I learn to look forward to things I’d never before considered, like Christmas, Thanksgiving and birthdays. Coming up in the Kingdom Hall meant we never celebrated these things; they’re not in the Bible and we took the Bible pretty damn literally. I used to go, as a fourth grader, to school with my Bible and my Watchtower. I would read aloud from them to my classmates and I never, never felt like I was missing anything by not celebrating Christmas because being in the Kingdom Hall made me feel special, anointed. But now I am with another group, Catholic people, and they love God and they celebrate and eat food and laugh and cuss, although they don’t exchange gifts because who has money for gifts? But the love fills us to overflow.
Eventually, Gabriel, who could always find some low-level job no matter what, gets a car of his own—a gold-colored Lincoln Town Car, and we’re really off and running then. He does things my mother never could, my mother with her job piled on job, shift piled on shift. But Gabriel has the time and more, the heart for me and my now early teenage friends. We pack his car with our bodies and our stories and he drives us to movies, to pizza, to wherever our 13-year-old hearts desire. He never tells us we are too loud although surely we are too loud.
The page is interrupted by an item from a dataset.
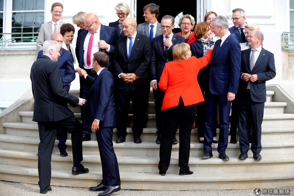 在德法部長理事會召開前,德國總理梅克爾(Angela Merkel,紅衣者)和法國總統馬克宏(Emmanuel Macron,前排左二)忙著幫大家整理衣服和打招呼,準備先來張大合照。
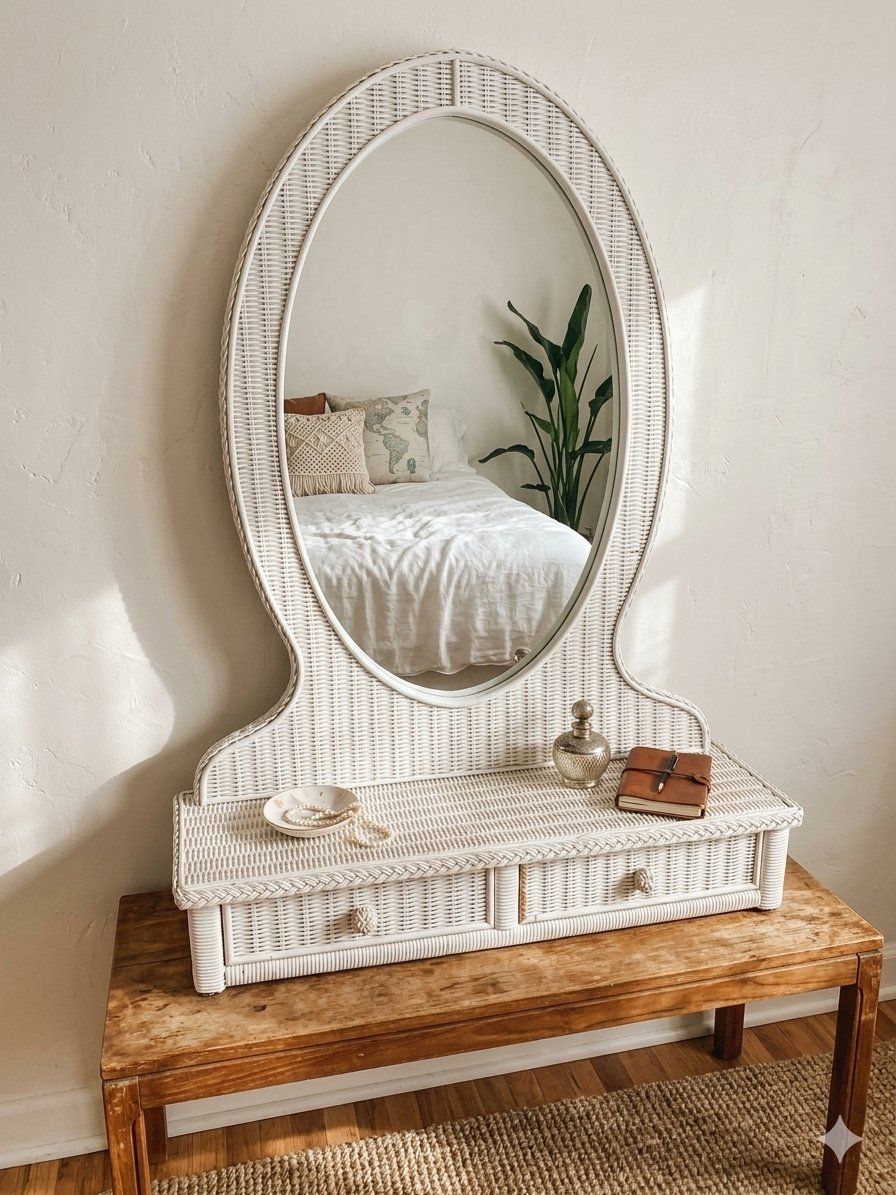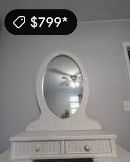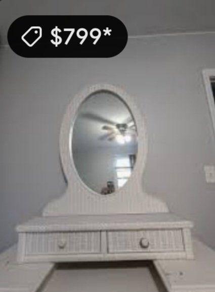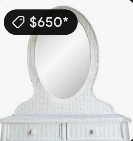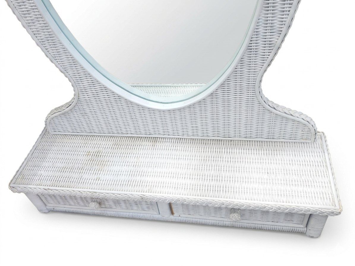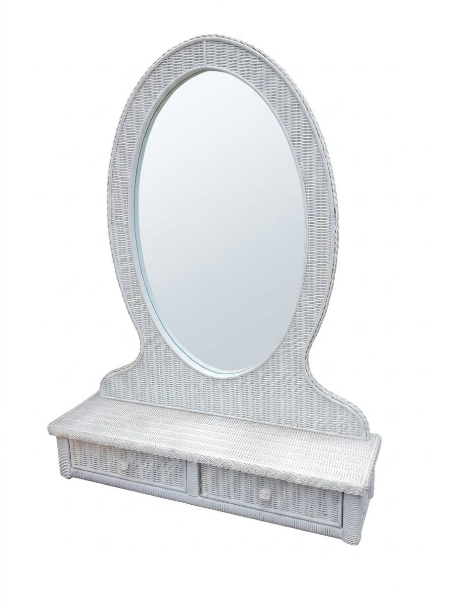 A pretty white wicker large vanity top oval mirror with 2 drawers. This is a perfect piece to sit on top of your own wicker dresser or vanity table. It's such a pretty piece and very substantial. The drawers are perfect to hold for makeup or jewelry

But it isn’t only movies and friends and family and football. Gabriel is deeply invested in his healing and one day he says, Come on, and we jump in the car and drive into the San Fernando Valley, the real hood part, Pacoima, and we pull up to a church and get out. Come on, my father tells me, and I follow him down into a room where a small group of men are meeting.
There was never a time in my childhood that I can recall when people did not call me an old soul, and maybe that’s why my father thought I could handle being in his 12-step meeting. Or maybe because, like me, he always wanted a road dawg with him. But while I remember how overwhelmed I was by men talking about things they’d done that had hurt their families while they were struggling with addiction—their absences from family life was a repeated theme—and I remember my father talking about hiding, how he never wanted his family to see him high, what I recall most thinking about was that the honesty was life-giving. As I attended these meetings over the years and after I spent time working as an adult counselor myself, I wondered: Why are only individuals held accountable? Where were the supports these men needed? Men talking about broken dreams and no jobs and feeling hated by the world and being beat up by police.
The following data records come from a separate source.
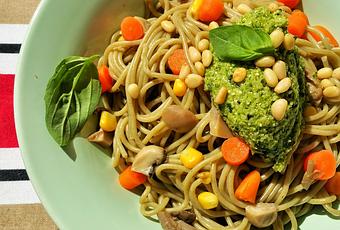 - Servimos los espaguetis con la salsa pesto. Podemos servirlos tanto como plato principal, como una guarnición con unas albóndigas vegetales, hamburguesas, etc.
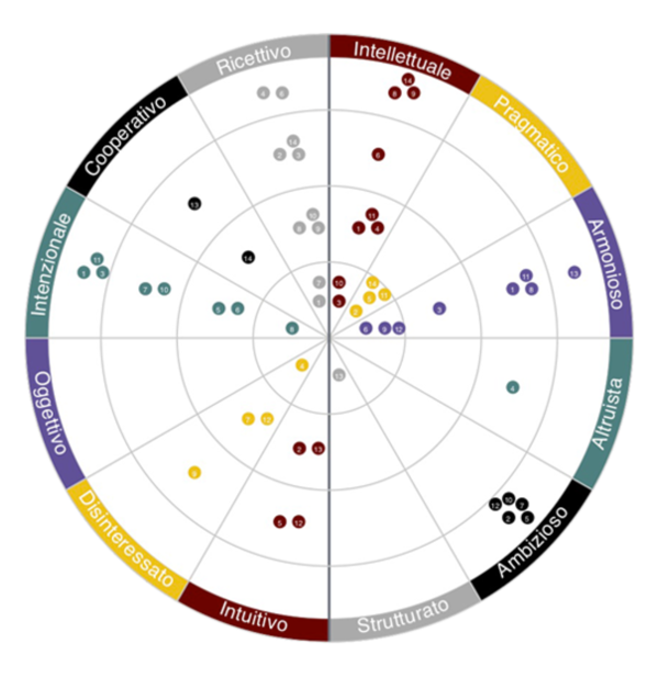 La ruota motivazionale del team, costruita a partire dalle analisi individuali, consente di valutare il livello di sintonia e l’allineamento con la cultura aziendale. È particolarmente utile nelle attività di team coaching e formazione.
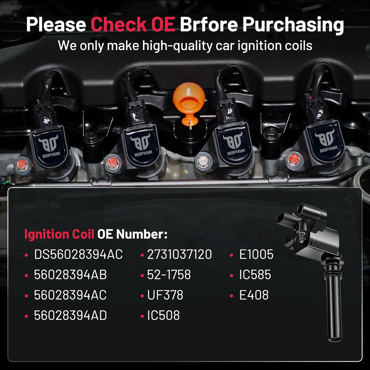 【Buy with Confidence】When your car has traveled more than 80,000km and is experiencing problems such as hard starting, excessive cranking time, lack of power, and increased fuel consumption, you may need to replace it with a new set of coil packs. Replacing our ignition coils can make your car as if it were new!You may choose it with confidence.
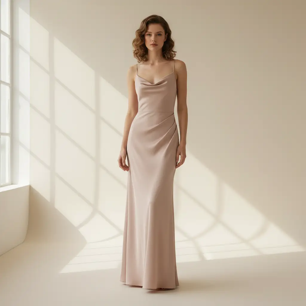 Tessuto Satin leggero elasticizzato tinta unita cipria

But more than anything in those first years, the meetings make me closer to Gabriel, closer to my father. We go for an hour and I listen to men tell their stories and cry and I watch them hold and support one another and then my father finds some small spot to eat—there was a Filipino place he loved best—and we process his life, our life, what it means to build and be in a relationship together.
I’m not here to take you away from anyone, he tells me more than once. I’m just here to add to your life in a way that’s good and useful. I believe him. I lean into him, my spirit does. Children so rarely get to see adults be so honest and open and accountable in a way that is grounded, not reactionary. I could not name it then, how these conversations left me, but they start to change me, begin to commit me to being the same.
Still, it isn’t all intense meetings and talk of failures and sobriety. It is also many weekend barbeques at the park where my dad and his brothers play baseball. They’d formed an adult league, uniforms and all, and during the season, we all go and cheer them on and eat. These are the moments I love the most, the moments when the animosity between siblings falls by the wayside, and they only happen when my father is present and well, I am told. When he is absent, the games are, too.
But when he is present, we make time in the park, and the siblings, not all from the same father, come together. The first two girls who hadn’t been raised by Grandma Vina, the girls who were children of my grandma’s rape, even come. My father is the third child and the first child of her choosing. My grandma had been a mistress and my father was the only baby from that union. The next set of children were born after her marriage to a man no one speaks of anymore, a man who was abusive, physically and emotionally. My Grandma coddles these children, even now, perhaps trying to soothe the wounds their father caused, while Barbara and Lisa seethe in the background, their father the white man, their father the rapist.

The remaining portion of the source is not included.